Creating the Final QueryEngine
Once you’ve decided on a few approaches across the steps outlined above, you will need to create logic to instantiate your QueryEngine based on an input configuration. You can find an example function here.
Evaluation metrics and techniques
Once we have a QueryEngine object, we have a simple way of passing queries and obtaining answers and associated context from the RAG pipeline. We can then go on to implement the QueryEngine object as part of a backend service such as FastAPI along with a simple front-end, which would allow us to experiment with this object in different ways (i.e., conversation vs. batch).
When chatting with the RAG pipeline, three pieces of information can be used to evaluate the response: the query, the retrieved context, and of course, the response. We can use these three fields to calculate evaluation metrics and help us compare responses more quantitatively. RAGAS is a framework which provides some out-of-the-box, heuristic metrics that can be computed given this triple, namely answer faithfulness, answer relevancy, and context relevancy. We compute these on the fly with each chat interaction and display them for the user.

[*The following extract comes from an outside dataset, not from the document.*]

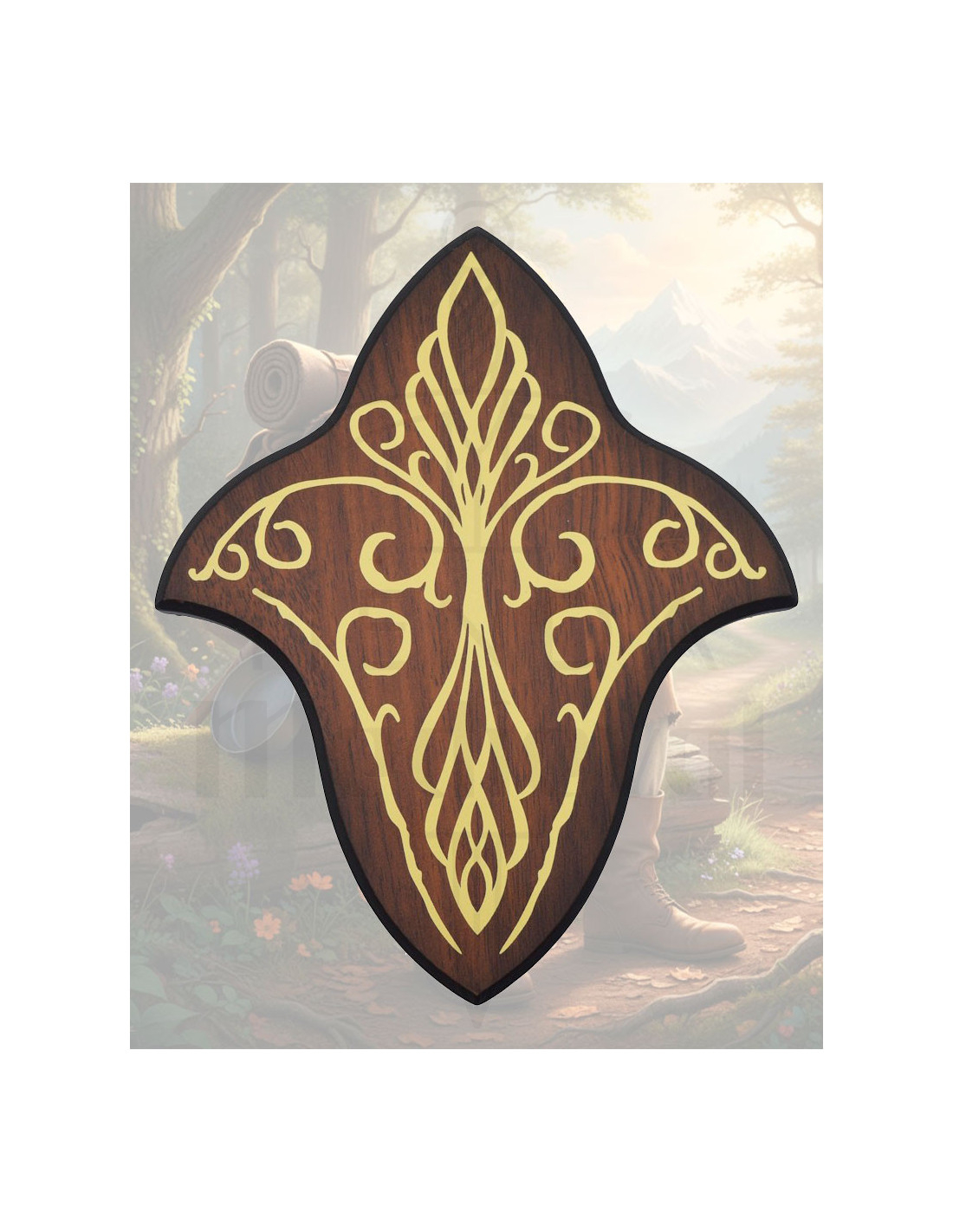 Het wordt geleverd met een houten wandsteun die het vanaf dag één gemakkelijk te exposeren maakt, waardoor elke muur in een klein herdenkingsaltaar wordt omgevormd. Bovendien voegt een decoratief motief in donker hout met gouden gravure een onderscheidend handtekening toe, perfect voor wie de handgemaakte details van stukken geïnspireerd op verhalende werelden waardeert.

Ideally, in parallel, we would attempt to obtain ground-truth answers as well through expert annotation. With ground truth, we can tell a lot more about how the RAG pipeline is performing. We can calculate LLM-graded accuracy, where we ask an LLM about whether the answer is consistent with the ground truth or calculate a variety of other metrics from RAGAS such as context precision and recall. Below is a summary of the metrics we can calculate as part of our evaluation:
Deployment
The FastAPI backend will implement two routes: /query_rag and /eval_batch. query_rag/ is used for one-shot chats with the query-engine with the option to perform evaluation on the answer on the fly. /eval_batch allows users to choose an eval_set from a Cloud Storage bucket and run batch evaluation on the dataset using the given query engine parameters.

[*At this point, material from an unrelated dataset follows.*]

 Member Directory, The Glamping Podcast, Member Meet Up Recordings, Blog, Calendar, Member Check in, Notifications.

Streamlit’s Chat elements make it very easy to spin up a UI, allowing us to interact with the QueryEngine object via a FastAPI backend, along with setting sliders and input forms to match the configurations we set forth earlier.

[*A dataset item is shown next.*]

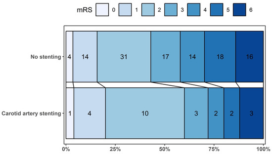 The study included 25 patients who underwent emergent carotid artery stenting (eCAS) (24 of these also had angioplasty before stent placement) and 114 patients in the non-stenting cohort (Figure 1). The median age (Q1–Q3) was 69 (62–76) years, with 68 (48.9%) female patients in the overall cohort. Patients in the eCAS group had a significantly higher frequency of tandem occlusion (80% vs. 21.1%, p < 0.001) and atherosclerosis (88% vs. 17.5%, p < 0.001) compared to the non-stenting group. The median baseline NIHSS (Q1–Q3) was similar between the groups (14 (10–19) vs. 15.5 (12–19), p = 0.358), as was the time to treatment (14.1 (12.9–17.2) vs. 12.6 (10.3–15.5), p = 0.139) (Table 1).

Click here for the full code repo.
Conclusion
In summary, building an advanced RAG application on GCP utilizing modular tools such as LlamaIndex, RAGAS, FastAPI and streamlit allow you maximum flexibility as you explore different techniques and tweak various aspects of the RAG pipeline. With any luck, you may end up finding that magical combination of parameters, prompts, and algorithms which can comprise the “XGBoost” equivalent for your RAG problem.